▶ _TASK INSTRUCTIONS_
What is needed is an exact copy of the lines in the entries below from the one holding "Kinder Wanduhr laufruhig" through the one holding "クラシックデザインのシーリン", pictures excluded.

▶ _MATERIAL SHOWN_
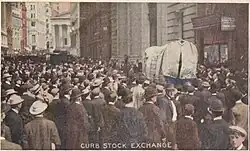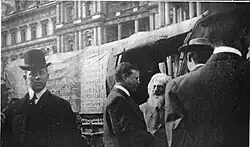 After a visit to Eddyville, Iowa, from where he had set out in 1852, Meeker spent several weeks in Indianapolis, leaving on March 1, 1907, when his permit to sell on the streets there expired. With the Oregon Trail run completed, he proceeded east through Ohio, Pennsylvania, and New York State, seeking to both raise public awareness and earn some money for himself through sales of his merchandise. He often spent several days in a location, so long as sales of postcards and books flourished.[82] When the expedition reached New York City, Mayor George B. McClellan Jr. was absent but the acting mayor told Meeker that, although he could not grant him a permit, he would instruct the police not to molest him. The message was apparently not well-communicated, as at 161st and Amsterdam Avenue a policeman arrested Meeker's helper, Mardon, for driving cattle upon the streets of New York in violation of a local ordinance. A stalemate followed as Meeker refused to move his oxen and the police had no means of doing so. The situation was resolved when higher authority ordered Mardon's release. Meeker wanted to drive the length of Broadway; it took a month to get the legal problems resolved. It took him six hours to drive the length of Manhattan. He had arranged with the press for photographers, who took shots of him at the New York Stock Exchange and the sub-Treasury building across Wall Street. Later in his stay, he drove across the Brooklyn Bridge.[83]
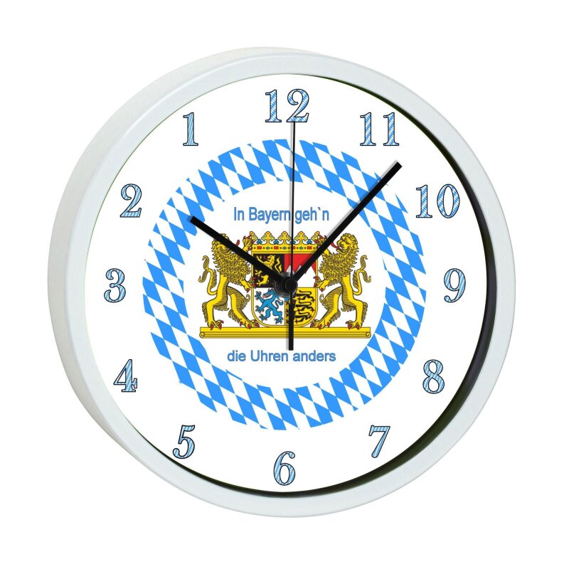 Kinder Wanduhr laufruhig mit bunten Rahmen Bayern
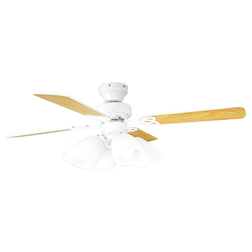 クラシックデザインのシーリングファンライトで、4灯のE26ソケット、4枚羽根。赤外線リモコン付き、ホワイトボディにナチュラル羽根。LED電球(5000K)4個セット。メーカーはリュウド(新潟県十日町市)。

--

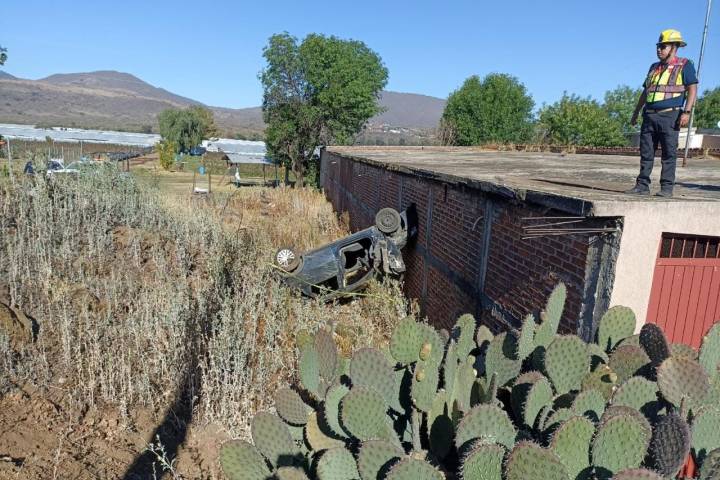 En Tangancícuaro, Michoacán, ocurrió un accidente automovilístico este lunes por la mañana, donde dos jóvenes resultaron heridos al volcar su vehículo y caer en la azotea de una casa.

* * *

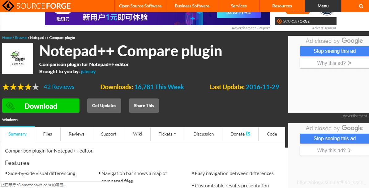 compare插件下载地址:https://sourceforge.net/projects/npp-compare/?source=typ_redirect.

▶ _YOUR SOLUTION_
 Kinder Wanduhr laufruhig mit bunten Rahmen Bayern
 クラシックデザインのシーリングファンライトで、4灯のE26ソケット、4枚羽根。赤外線リモコン付き、ホワイトボディにナチュラル羽根。LED電球(5000K)4個セット。メーカーはリュウド(新潟県十日町市)。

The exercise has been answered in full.